Patient safety is influenced by the frequency and seriousness of errors that occur in the health care system. Error rates in laboratory practices are collected routinely for a variety of performance measures in all clinical pathology laboratories in the United States, but a list of critical performance measures has not yet been recommended. The most extensive databases describing error rates in pathology were developed and are maintained by the College of American Pathologists (CAP). These databases include the CAP's Q-Probes and Q-Tracks programs, which provide information on error rates from more than 130 interlaboratory studies.
To define critical performance measures in laboratory medicine, describe error rates of these measures, and provide suggestions to decrease these errors, thereby ultimately improving patient safety.
A review of experiences from Q-Probes and Q-Tracks studies supplemented with other studies cited in the literature.
Q-Probes studies are carried out as time-limited studies lasting 1 to 4 months and have been conducted since 1989. In contrast, Q-Tracks investigations are ongoing studies performed on a yearly basis and have been conducted only since 1998. Participants from institutions throughout the world simultaneously conducted these studies according to specified scientific designs. The CAP has collected and summarized data for participants about these performance measures, including the significance of errors, the magnitude of error rates, tactics for error reduction, and willingness to implement each of these performance measures.
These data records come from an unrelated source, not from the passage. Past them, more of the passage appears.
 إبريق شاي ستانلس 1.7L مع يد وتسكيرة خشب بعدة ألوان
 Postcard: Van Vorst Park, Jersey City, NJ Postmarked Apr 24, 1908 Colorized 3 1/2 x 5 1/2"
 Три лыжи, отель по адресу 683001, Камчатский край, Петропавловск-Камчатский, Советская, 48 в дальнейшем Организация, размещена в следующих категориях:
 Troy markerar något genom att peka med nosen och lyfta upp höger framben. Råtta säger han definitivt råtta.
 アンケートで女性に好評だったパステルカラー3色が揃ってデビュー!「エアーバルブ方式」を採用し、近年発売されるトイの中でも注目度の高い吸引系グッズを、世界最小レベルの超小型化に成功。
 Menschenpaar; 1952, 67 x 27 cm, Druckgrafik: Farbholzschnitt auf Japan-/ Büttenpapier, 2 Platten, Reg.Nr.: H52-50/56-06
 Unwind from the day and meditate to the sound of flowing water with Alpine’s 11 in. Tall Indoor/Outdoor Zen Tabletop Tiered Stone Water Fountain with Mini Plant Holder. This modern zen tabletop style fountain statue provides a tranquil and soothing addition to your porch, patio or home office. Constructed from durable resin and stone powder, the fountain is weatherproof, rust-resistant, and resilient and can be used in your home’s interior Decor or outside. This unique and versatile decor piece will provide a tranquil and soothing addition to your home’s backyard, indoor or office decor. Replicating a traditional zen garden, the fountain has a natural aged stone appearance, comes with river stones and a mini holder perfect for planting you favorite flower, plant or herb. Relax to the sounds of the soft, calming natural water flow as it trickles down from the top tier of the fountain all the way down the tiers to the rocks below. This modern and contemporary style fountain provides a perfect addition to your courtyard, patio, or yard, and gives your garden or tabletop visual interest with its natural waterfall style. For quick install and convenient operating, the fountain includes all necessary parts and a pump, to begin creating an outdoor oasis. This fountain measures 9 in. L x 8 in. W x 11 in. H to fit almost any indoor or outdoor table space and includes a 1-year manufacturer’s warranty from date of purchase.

A list of recommended performance measures, the frequency of errors when these performance measures were studied, and suggestions to improve patient safety by reducing these errors.
Error rates for preanalytic and postanalytic performance measures were higher than for analytic measures. Eight performance measures were identified, including customer satisfaction, test turnaround times, patient identification, specimen acceptability, proficiency testing, critical value reporting, blood product wastage, and blood culture contamination. Error rate benchmarks for these performance measures were cited and recommendations for improving patient safety presented.
Not only has each of the 8 performance measures proven practical, useful, and important for patient care, taken together, they also fulfill regulatory requirements. All laboratories should consider implementing these performance measures and standardizing their own scientific designs, data analysis, and error reduction strategies according to findings from these published studies.